Keywords: Bio-nanoparticle, Liposomes, Nanotechnology, Nanocarriers

INTRODUCTION: A vesicular system known as a liposome is created when phospholipids are distributed in water and spontaneously form a closed structure with an internal aqueous environment surrounded by phosphor lipid bi-layer membranes. Cholesterol, non-toxic surfactants, sphingolipids, glycolipids, long-chain fatty acids, and even membrane proteins can all be converted into liposomes, which are tiny spherical vesicles ¹. Alec D. Bangham discovered liposomes in 1965. Since then, the lipid vessel has become a common way to encapsulate and deliver molecules to treat many different diseases.

Lipids and fatty acids are the main parts of liposomes. They are naturally found in cell membranes, so they are thought to be biocompatible and biodegradable. Liposomes are made up of amphipathic molecules that come together to form a bilayer sphere. The hydrophilic head groups face the outside water environment, and the hydrocarbon chains come together in the hydrophobic interior. Liposomes are great drug carriers because they have both polar and nonpolar parts. The knee joint is a complicated place, and OA affects its different parts in different ways.

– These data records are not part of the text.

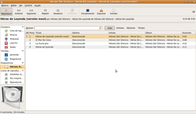 Si desea reproducir un fichero de música mp3 u ogg haga doble clic sobre él. En ese caso se ejecutará el reproductor de películas. Si quiere que se abra con Rhythmbox haga clic sobre él con el botón derecho del ratón y en el menú emergente seleccione Abrir con reproductor de música Rhythmbox. Rhythmbox tratará de obtener desde Internet información sobre el título, género, artista y álbum así como una imagen de la carátula.
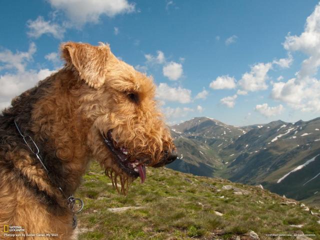 » Wallpaper Glad Airedale in the mountains
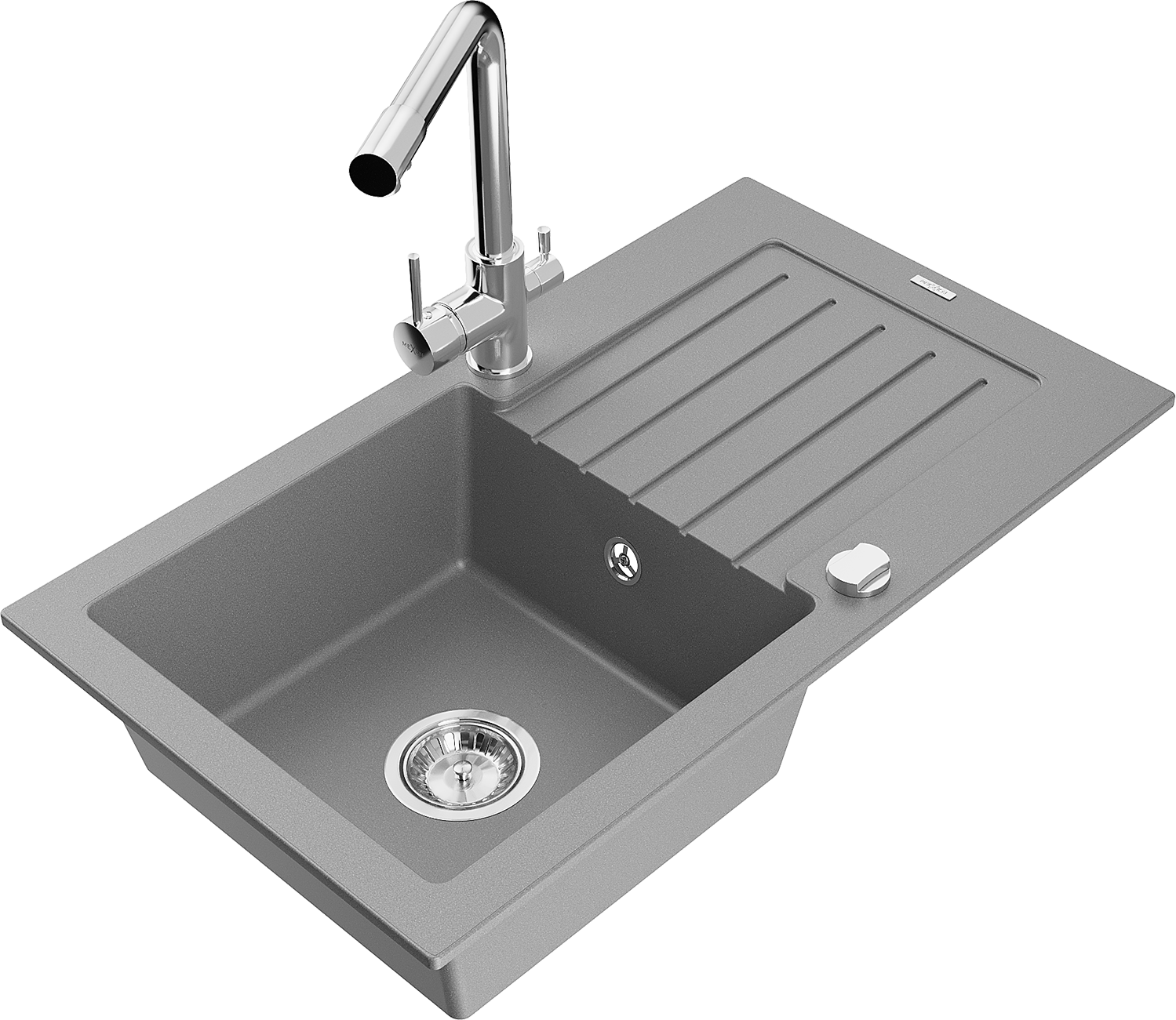 Mexen Pablo žulový drez s 1 miskou a odkvapkávačom a kuchynskou batériou Duero, sivý - 6510-71-671600-00
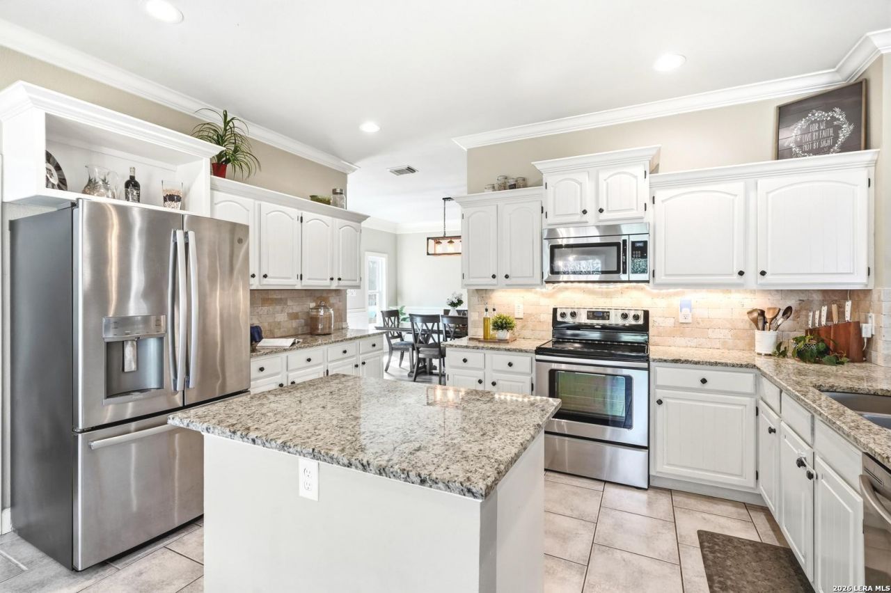 WELCOME HOME to this beautifully updated home in Oro de Coronado. The light-filled layout features 4 bedrooms, 2.5 bathrooms, a dedicated office, and a formal dining area, offering maximum flexibility for living and entertaining. The island kitchen serves as the heart of the home with granite countertops, stainless appliances, and generous prep space, flowing into an inviting family room with a wood-burning fireplace and sliding doors that open to the outdoor living area, creating a seamless extension of space. Upstairs, you will find three spacious secondary bedrooms, a versatile game room, and a serene primary suite that offers a private retreat with a large walk-in closet and a spa-inspired bath featuring an oversized walk-in shower, custom cabinetry, and granite countertops. Major recent upgrades include all new windows in 2022, updated flooring in 2022, a replaced water heater, water softener, the garage is equipped with a 240V outlet suitable for EV charging, and so much more! The private backyard is designed for year-round enjoyment with a covered patio featuring a durable metal roof. With no HOA and a prime location, it has easy access to I-35, I-10, 1604, Randolph AFB, Fort Sam Houston, major hospitals, and the airport. This home offers the ideal blend of modern updates and a perfect location for commuters to San Antonio, New Braunfels, or Austin. Dont miss out!
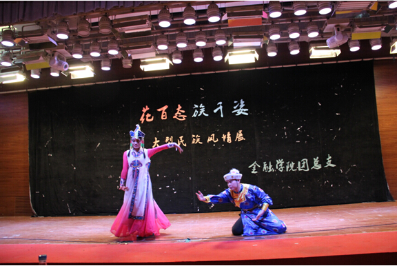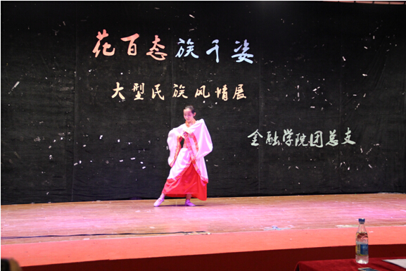 6月6日,韦德1946体育官方入口团总支开展了一场别开生面的民族风情文化展。韦德1946体育官方入口团总支书记李菊老师和团总支副书记彭剑垚同学,以及近200余名各年级同学出席了本次活动。首先登台的是金融12-2支部代表汉唐时期汉民族文化的独舞《汉唐》,一身霓裳羽衣的舞者曼妙的身姿蜿蜒过千年的历史,飘逸的长袖灵动而柔美,将舞台的声光和深情的朗诵伴奏融为一体,高贵的身姿与领跑者的气度有力的诠释了汉唐两代汉族达到鼎盛时期所具有的气象。
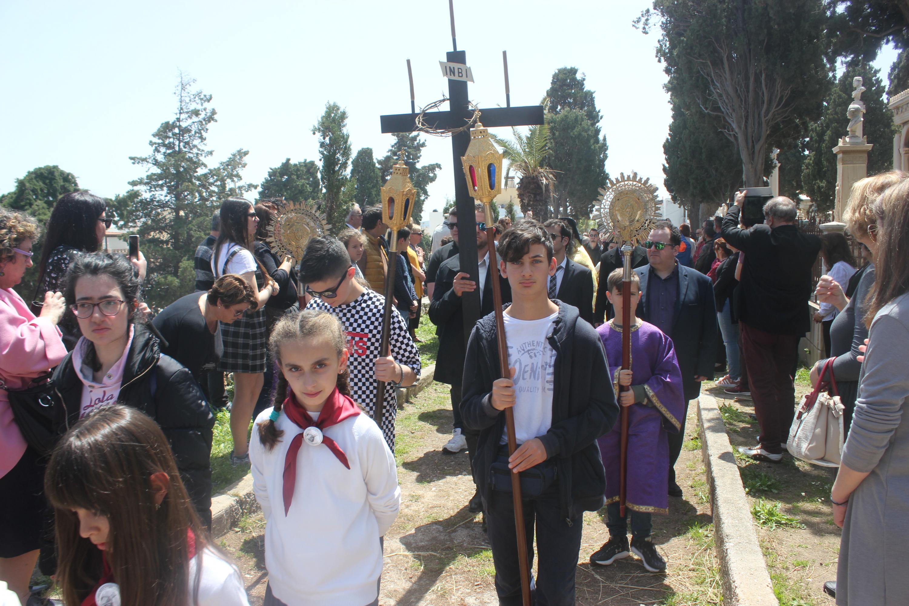Οι ψυχές των κεκοιμημένων, των συγγενών, των φίλων, των συζύγων, των παιδιών μας, των δασκάλων μας και όλων εκείνων εύχονται και προσεύχονται για εμάς από τη φωτεινή αιωνιότητα, περιέβαλαν τα αγαπημένα τους πρόσωπα κατά τη σημερινή λιτάνευση του Επιταφίου στο Κοιμητήριο του Ιερού Ναού Αγίου Γεωργίου.
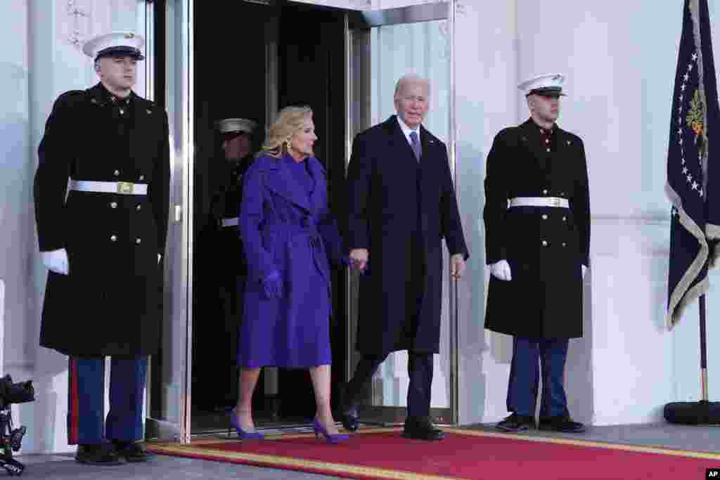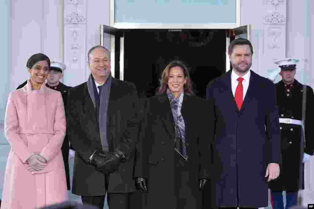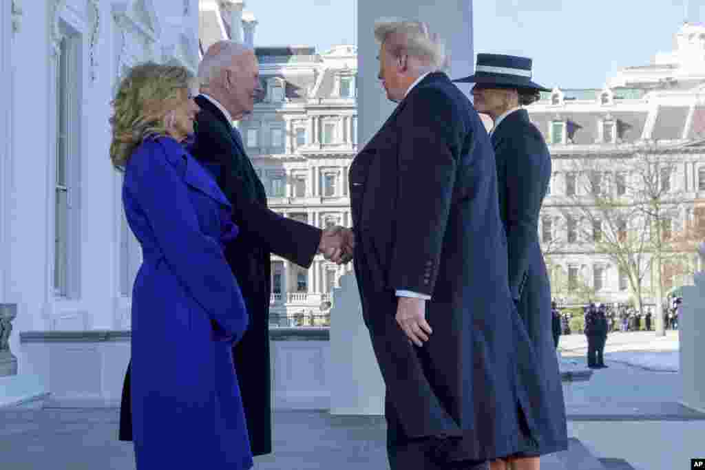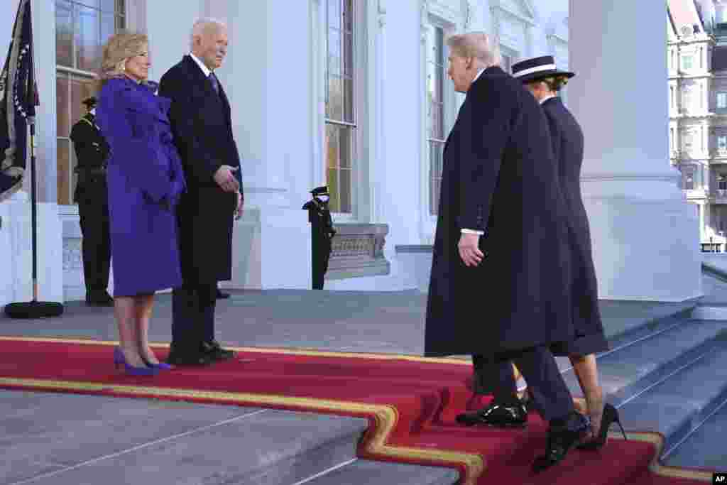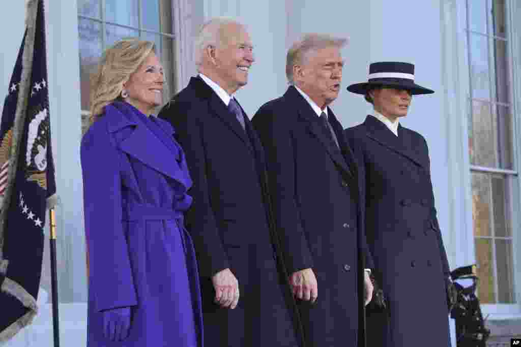 جو بایدن، رئیس جمهوری آمریکا و جیل بایدن، بانوی اول به دونالد ترامپ، رئیس جمهوری منتخب و ملانیا ترامپ، بانوی اول آینده خوشامد گفتند. کامالا هریس، معاون رئیس جمهوری و همسرش نیز به استقبال جی دی ونس، معاون رئیس جمهوری آینده و همسرش رفتند.
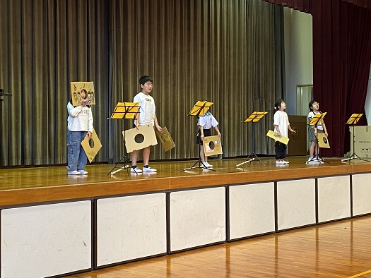 次は 3・4年生の「ドレミの歌」は、図工の時間に作った絵をもって
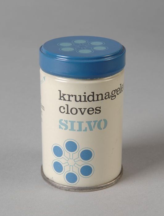 Klein rond blik met draaibaar deksel, Silvo kruidnag...
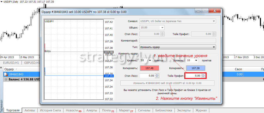 - значения стопа лосса и тейк профита (изменить ценовые позиции);

The articular capsule surrounds the joint and holds the bones together. The inner layer, called synovium (also called synovial membrane), is a connective tissue layer with a lot of blood vessels ². The intima layer of synovium has two types of cells: Type a macrophages that eat things and Type B fibroblast-like cells that make synovial fluid (SF) components. Blood and lymphatic vessels in the subintima layer move nutrients around and get rid of dead cells, drugs, and other things. Nonetheless, the application of PEG in pharmaceuticals is being examined due to the fact that patients receiving PEGylated medications can generate antibodies that attach to PEG, and anti-PEG antibodies are already present in numerous healthy individuals. Anti-PEG antibodies have been associated with diminished clinical efficacy and heightened adverse effects, rendering this a significant domain of investigation. As we have recently found out, anti-PEG antibodies are able to initiate complement activity and the release of drugs from PEGylated liposomal doxorubicin (PLD). This has been demonstrated with PLD as well as with the release of mRNA from lipid nanoparticles. The formulation of PLD consists of the nanorod crystalline form of the drug DOX-sulphate within an aqueous compartment of the liposomal delivery system covered with densely packed PEG. New formulations for liposomes, including transferosomes and ectosomes, were designed in order to increase the flexibility of the vesicles in a better permeability manner. Soluble polymers, insoluble or biodegradable microparticles, synthetic and natural polymers, microcapsules, cells, cell ghosts, lipoproteins, liposomes, and micelles are all considered drug carriers. It is feasible to create carriers that are location-specific, responsive to stimuli like pH or temperature changes, and slow to decay.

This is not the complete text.